**DATA TO EXAMINE**

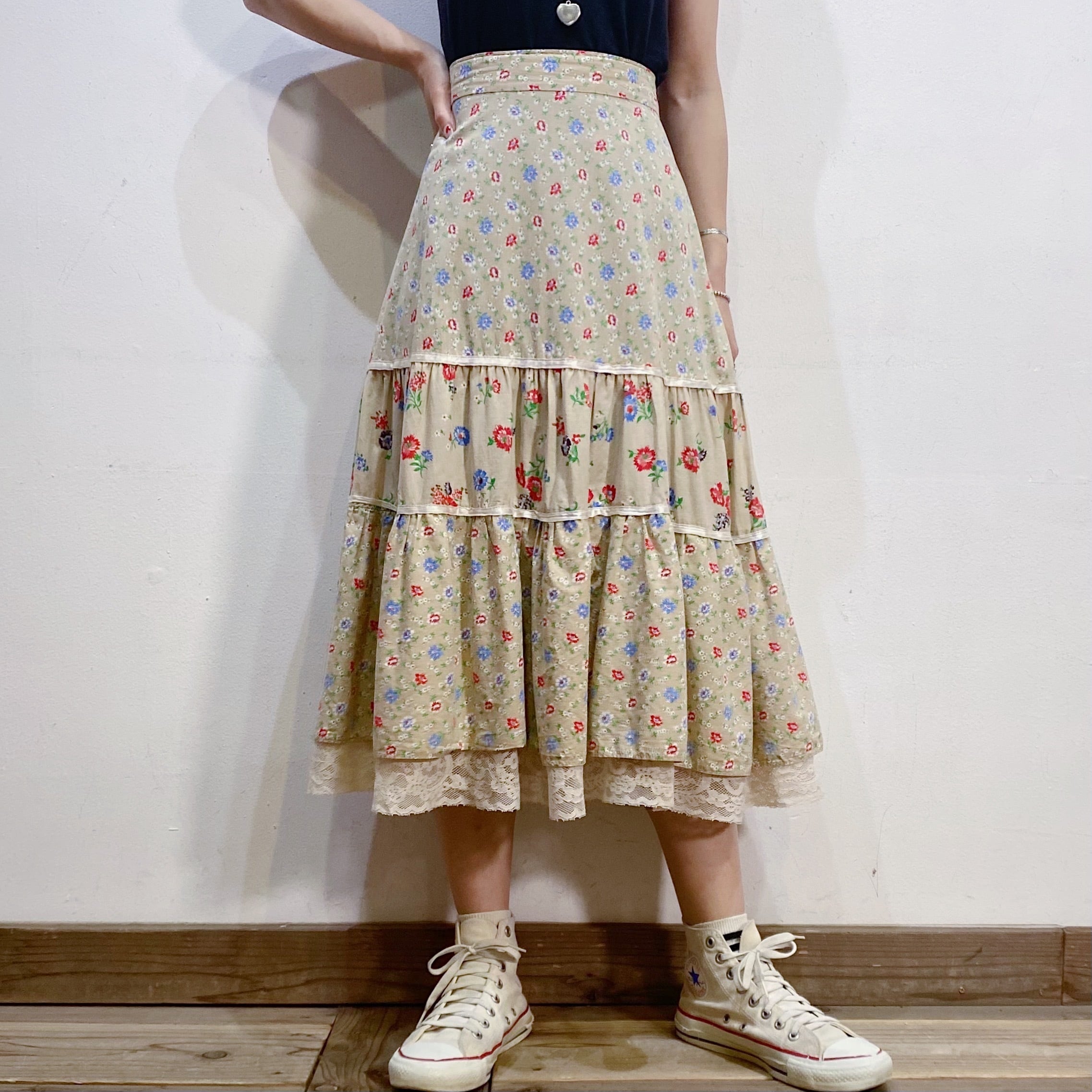 ベージュベースの花柄の切り替えが可愛い、70年代のスカートです。
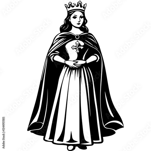 queen, monochrome, illustration, regal, crown, gown, dress, royals, royalty, cloak, cape, female, woman, standing, full body, black-and-white, line art, graphic, vector, drawing, art, design, symbol, icon, fashion, clothing, apparel, portrait, elegant, majestic, historical, vintage, fantasy, mythical, power, authority, graceful, star, pattern, fabric, long hair, beauty, formal, traditional, white background, isolated, detailed, character, costume
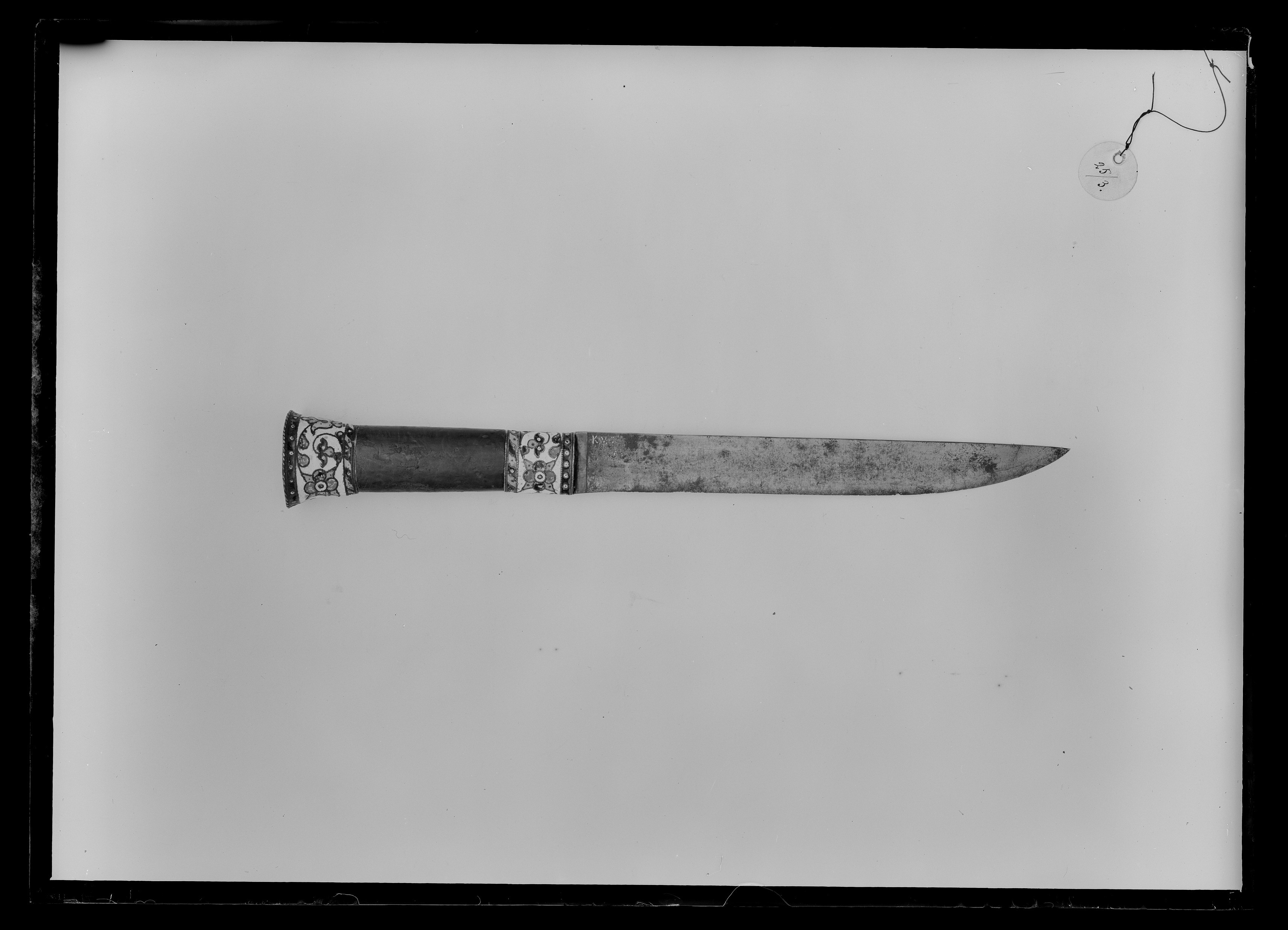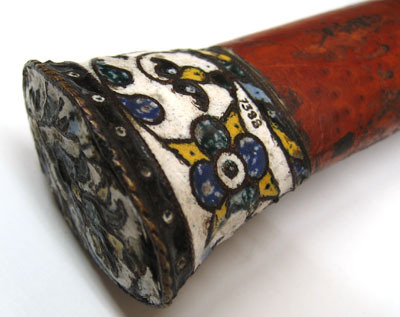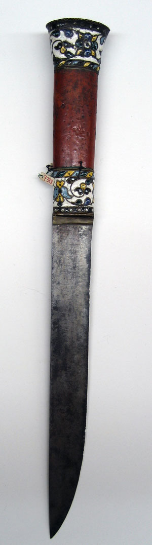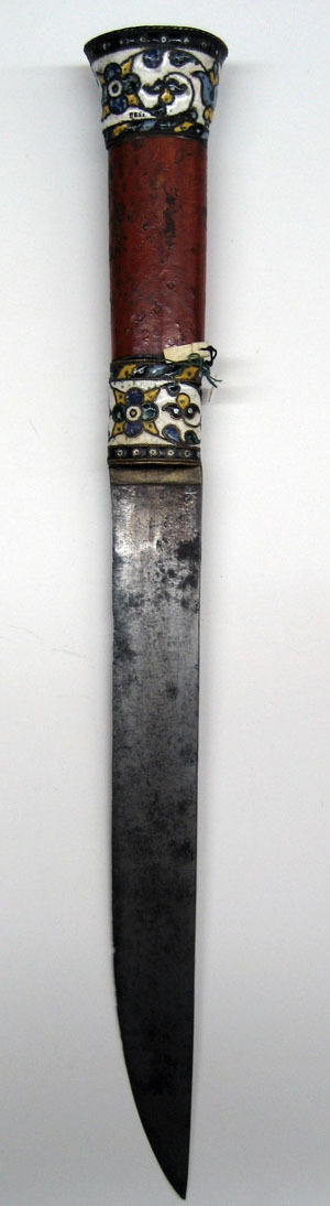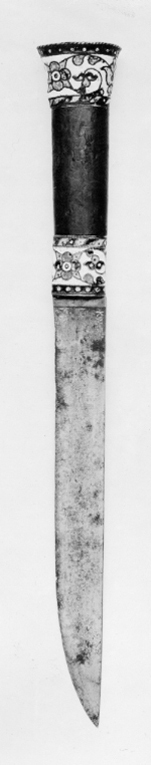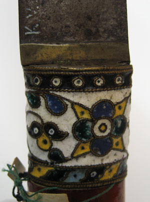 Fäste med ovalt träsnitt, vidare uppåt med platt ovansida. Upptill och nedtill mässingsbeslag med cloisonnéemalj med stiliserade blomrankor i blått, gult, blågrönt och ljusblått mot vit grund mellan tvinnade mässingstrådar. Kaveln av trä, målad med rödlack. Klinga av stål, 28 mm bred, rak, eneggad.
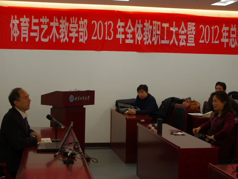 1月16日上午,體育與藝術教學部全體教職工歡聚一堂,召開2012年工作總結表彰會。校黨委副書記盧思鋒出席會議。
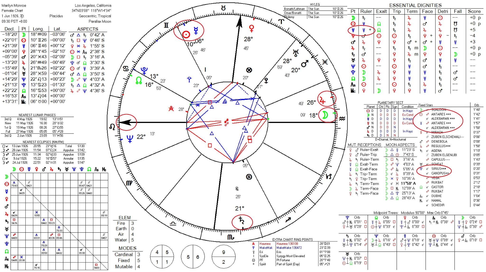 Úspěch v horoskopu Marilyn Monroe: Na první pohled je zřejmé, že se jedná o horoskop úspěšné osoby. Obě světla jsou v mužských znameních, Luna v rohovém domě, vládce ascendentu Slunce na hrotu jedenáctého domu. Planety denní sekty se nacházejí v operativních domech (domicilní Merkur v desítce, Saturn ve čtvrtém domě, Jupiter v sedmém domě) Slunce a Merkur navíc stojí na královské stálici Aldebaran a Pluto na Siriu a Canopu. Součástí doprovodu Sektového světla (Slunce) je nosič kopí Merkur, Venuše, Uran, Mars a Jupiter. Není se čemu divit, že se Marilyn Monroe stala celosvětovou celebritou.
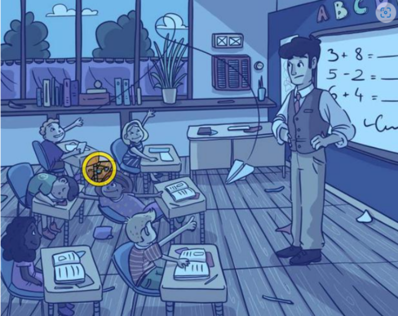 A continuación encontrarás la imagen donde verás a un grupo de niños un poco rebeldes que, además de ocultar las gafas de su compañero y prestar poca atención a su clase, se la pasan lanzando aviones de papel a su profesor.
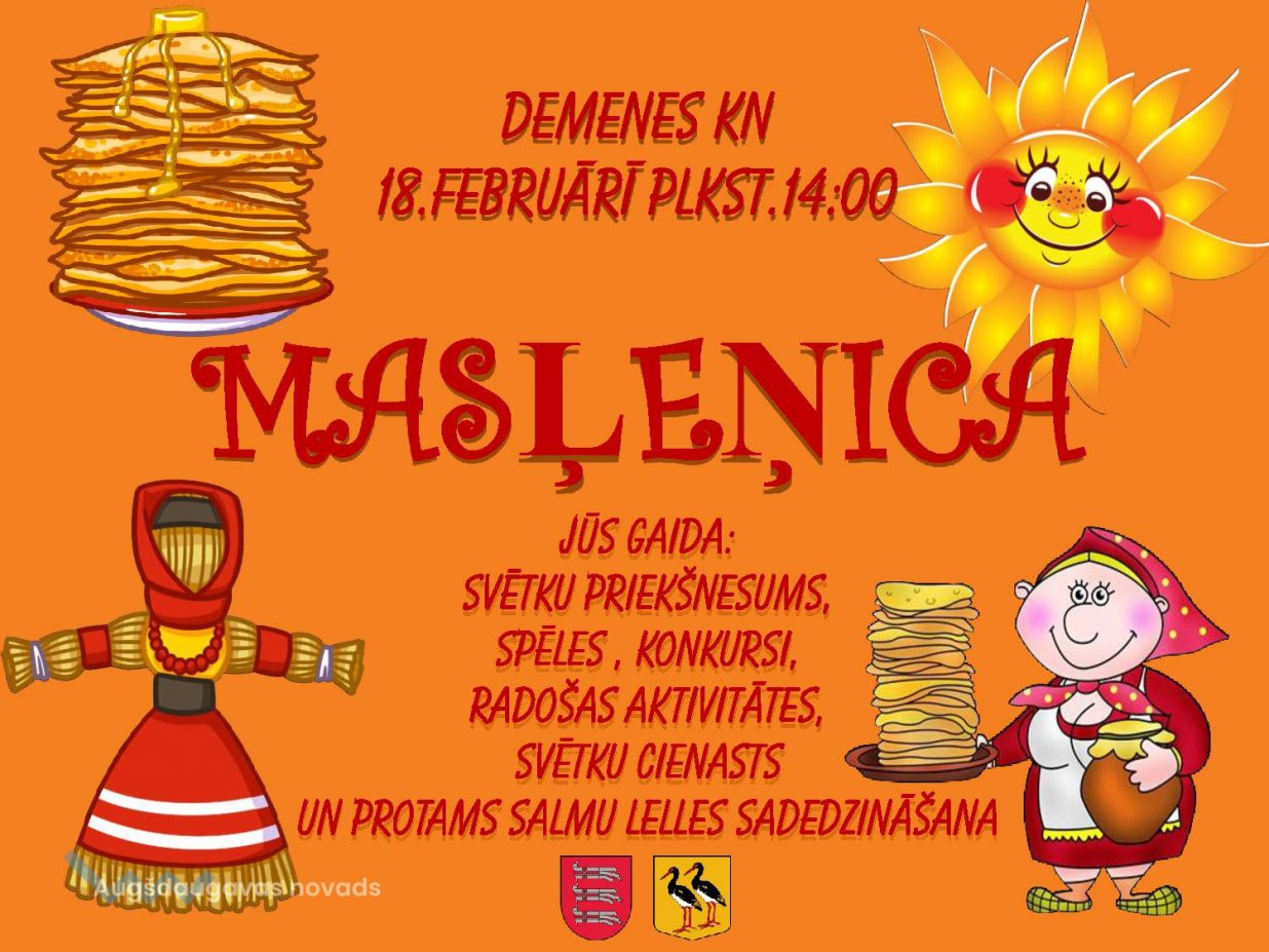 18. februārī plkst. 14.00 Demenes kultūras nams aicina visus pagasta iedzīvotājus un viesus kopā aizvadīt ziemu un ieskandināt pavasari. Jūs gaida svētku priekšnesums, spēles, konkursi, radošas aktivitātes, svētku cienasts un, protams, salmu lelles sadedzināšana.
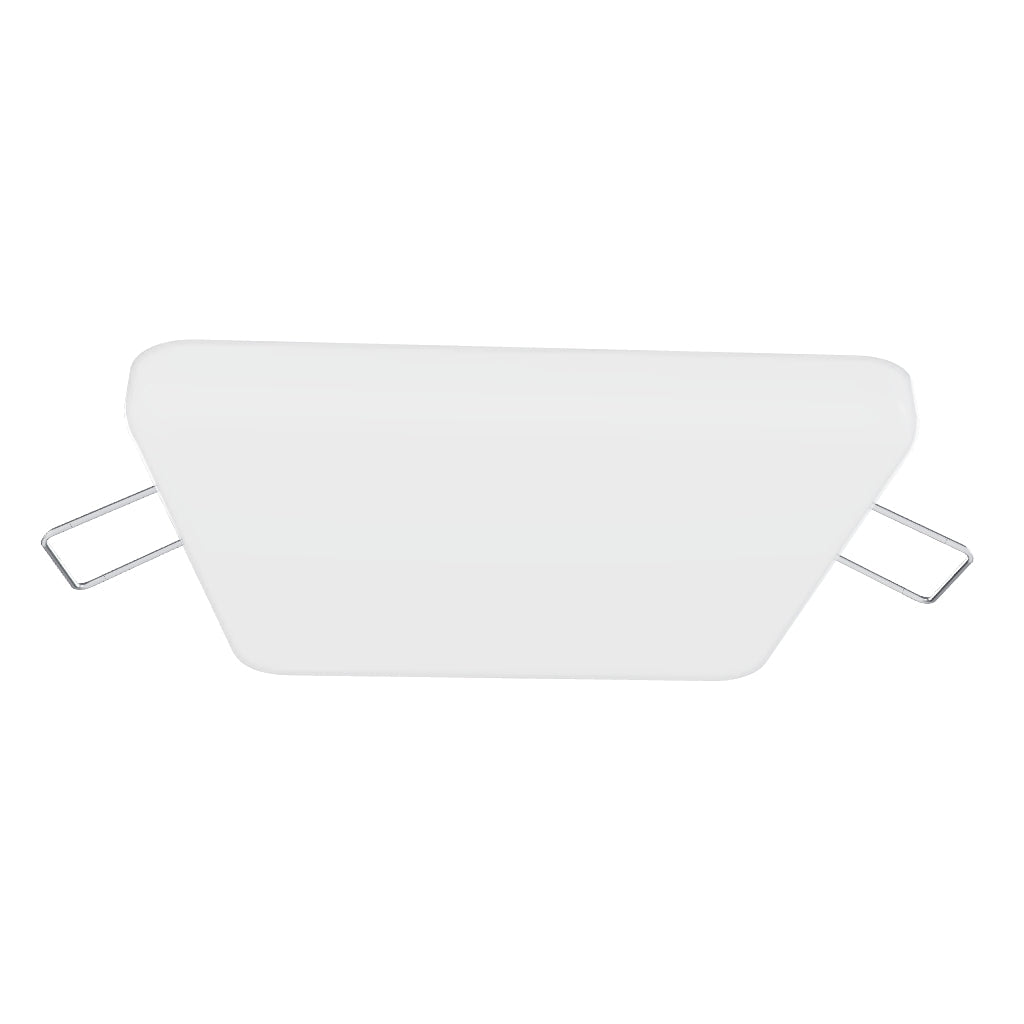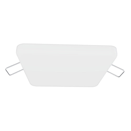 Luminária embutida sem moldura. Difusor de luz acrílico fosco levemente convexo. Adequada para áreas húmidas.

**REQUIRED ACTION**
Pictures are to be left out. Write out only the lines above starting at the one with "detailed, character, costume" and ending at the one with "1月16日上午,體育與藝術教", both lines included, exactly.

**WRITTEN RESPONSE**
 queen, monochrome, illustration, regal, crown, gown, dress, royals, royalty, cloak, cape, female, woman, standing, full body, black-and-white, line art, graphic, vector, drawing, art, design, symbol, icon, fashion, clothing, apparel, portrait, elegant, majestic, historical, vintage, fantasy, mythical, power, authority, graceful, star, pattern, fabric, long hair, beauty, formal, traditional, white background, isolated, detailed, character, costume
 Fäste med ovalt träsnitt, vidare uppåt med platt ovansida. Upptill och nedtill mässingsbeslag med cloisonnéemalj med stiliserade blomrankor i blått, gult, blågrönt och ljusblått mot vit grund mellan tvinnade mässingstrådar. Kaveln av trä, målad med rödlack. Klinga av stål, 28 mm bred, rak, eneggad.
 1月16日上午,體育與藝術教學部全體教職工歡聚一堂,召開2012年工作總結表彰會。校黨委副書記盧思鋒出席會議。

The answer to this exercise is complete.